Recorded information -
####

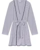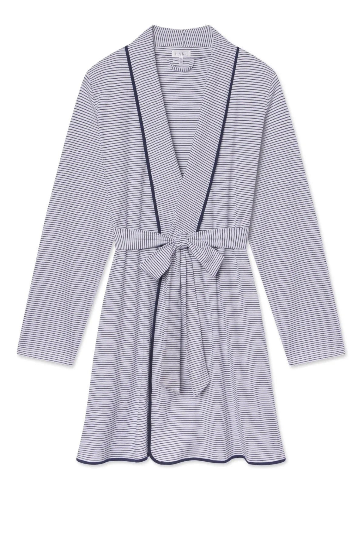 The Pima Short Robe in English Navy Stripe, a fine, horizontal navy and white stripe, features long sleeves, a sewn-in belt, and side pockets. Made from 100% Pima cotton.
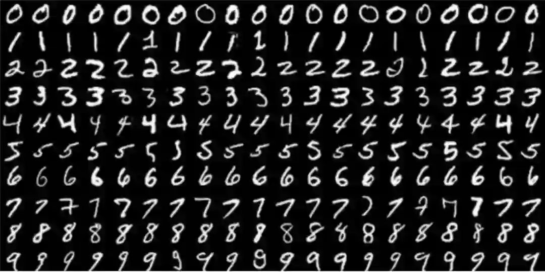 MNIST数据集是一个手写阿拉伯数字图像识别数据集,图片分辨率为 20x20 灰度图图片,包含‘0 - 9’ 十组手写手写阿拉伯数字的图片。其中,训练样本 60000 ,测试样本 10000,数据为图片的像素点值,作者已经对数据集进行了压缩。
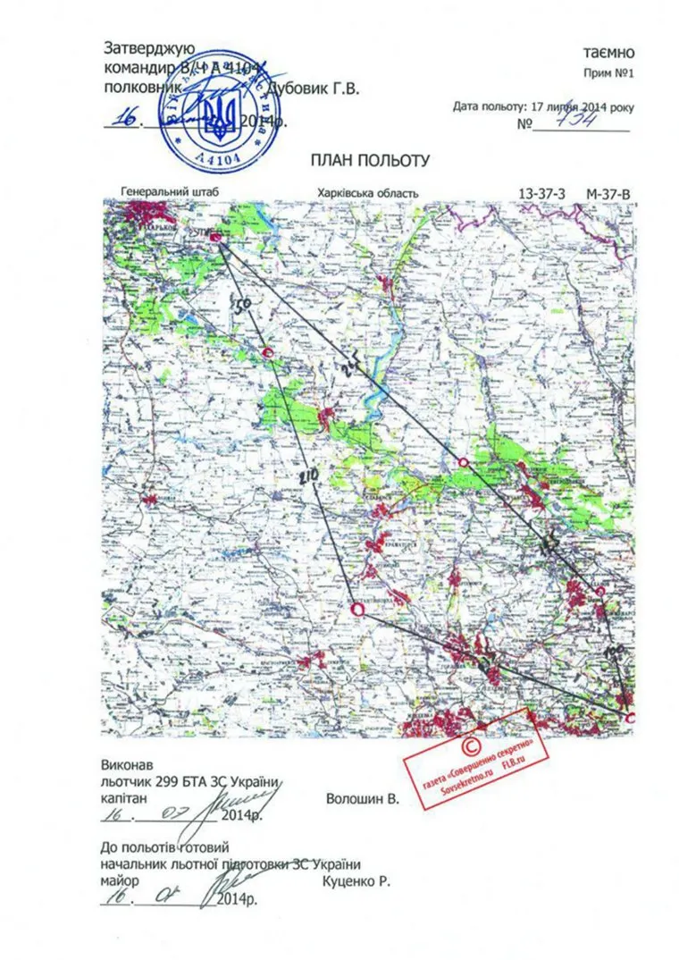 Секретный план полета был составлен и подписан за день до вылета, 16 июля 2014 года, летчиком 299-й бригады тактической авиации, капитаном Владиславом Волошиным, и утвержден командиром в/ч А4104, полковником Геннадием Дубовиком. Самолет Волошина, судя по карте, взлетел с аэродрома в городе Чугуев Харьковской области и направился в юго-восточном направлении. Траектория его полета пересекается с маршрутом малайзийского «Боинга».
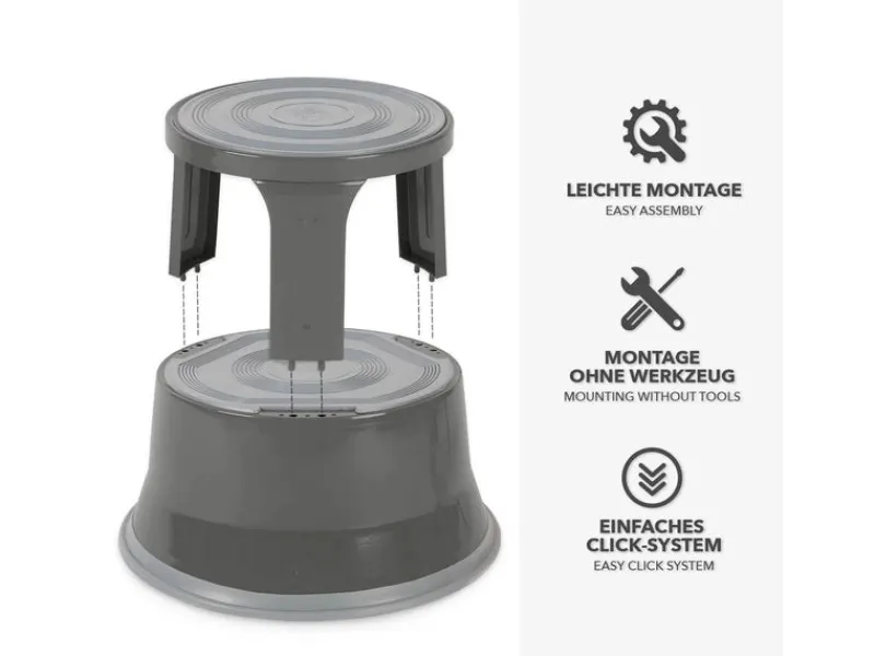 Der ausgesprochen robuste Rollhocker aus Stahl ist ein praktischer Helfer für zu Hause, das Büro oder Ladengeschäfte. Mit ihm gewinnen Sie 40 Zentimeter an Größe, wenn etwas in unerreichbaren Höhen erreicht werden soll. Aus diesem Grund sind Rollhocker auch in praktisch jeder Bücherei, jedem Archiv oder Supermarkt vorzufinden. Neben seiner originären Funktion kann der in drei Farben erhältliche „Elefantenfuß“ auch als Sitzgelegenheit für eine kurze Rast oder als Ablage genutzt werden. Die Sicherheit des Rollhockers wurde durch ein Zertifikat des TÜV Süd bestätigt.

####

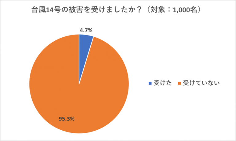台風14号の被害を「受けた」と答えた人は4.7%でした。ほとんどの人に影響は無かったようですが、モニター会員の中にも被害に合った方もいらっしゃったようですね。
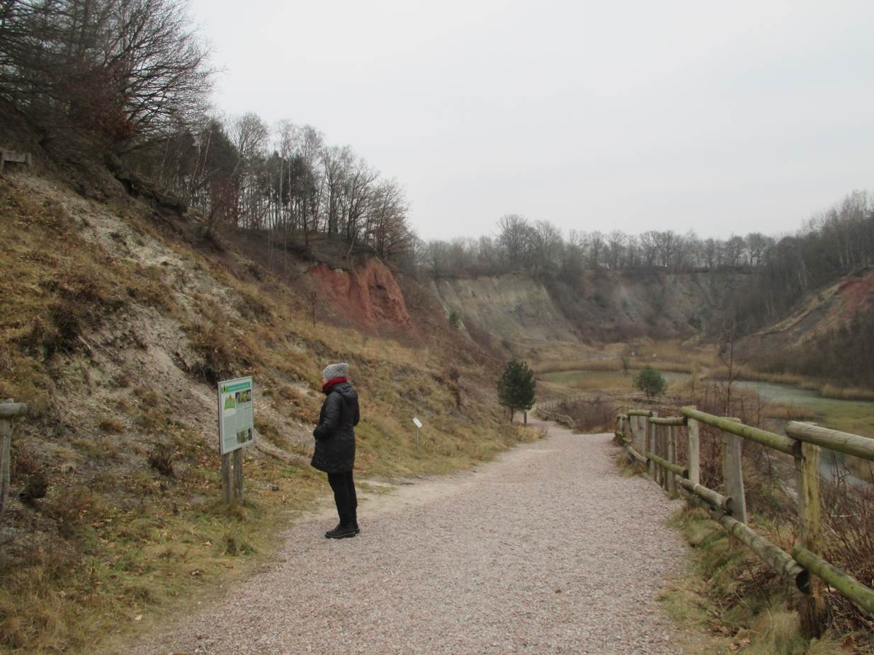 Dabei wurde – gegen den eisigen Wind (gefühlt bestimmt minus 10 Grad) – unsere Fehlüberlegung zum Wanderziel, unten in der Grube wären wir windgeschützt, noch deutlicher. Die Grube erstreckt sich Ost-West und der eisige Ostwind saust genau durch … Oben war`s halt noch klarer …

####

What is required - While skipping the pictures, transcribe the data above from the line showing "The Pima Short" through the line showing "Der ausgesprochen robuste", exactly and with both ends.

Solution to the problem -
 The Pima Short Robe in English Navy Stripe, a fine, horizontal navy and white stripe, features long sleeves, a sewn-in belt, and side pockets. Made from 100% Pima cotton.
 MNIST数据集是一个手写阿拉伯数字图像识别数据集,图片分辨率为 20x20 灰度图图片,包含‘0 - 9’ 十组手写手写阿拉伯数字的图片。其中,训练样本 60000 ,测试样本 10000,数据为图片的像素点值,作者已经对数据集进行了压缩。
 Секретный план полета был составлен и подписан за день до вылета, 16 июля 2014 года, летчиком 299-й бригады тактической авиации, капитаном Владиславом Волошиным, и утвержден командиром в/ч А4104, полковником Геннадием Дубовиком. Самолет Волошина, судя по карте, взлетел с аэродрома в городе Чугуев Харьковской области и направился в юго-восточном направлении. Траектория его полета пересекается с маршрутом малайзийского «Боинга».
 Der ausgesprochen robuste Rollhocker aus Stahl ist ein praktischer Helfer für zu Hause, das Büro oder Ladengeschäfte. Mit ihm gewinnen Sie 40 Zentimeter an Größe, wenn etwas in unerreichbaren Höhen erreicht werden soll. Aus diesem Grund sind Rollhocker auch in praktisch jeder Bücherei, jedem Archiv oder Supermarkt vorzufinden. Neben seiner originären Funktion kann der in drei Farben erhältliche „Elefantenfuß“ auch als Sitzgelegenheit für eine kurze Rast oder als Ablage genutzt werden. Die Sicherheit des Rollhockers wurde durch ein Zertifikat des TÜV Süd bestätigt.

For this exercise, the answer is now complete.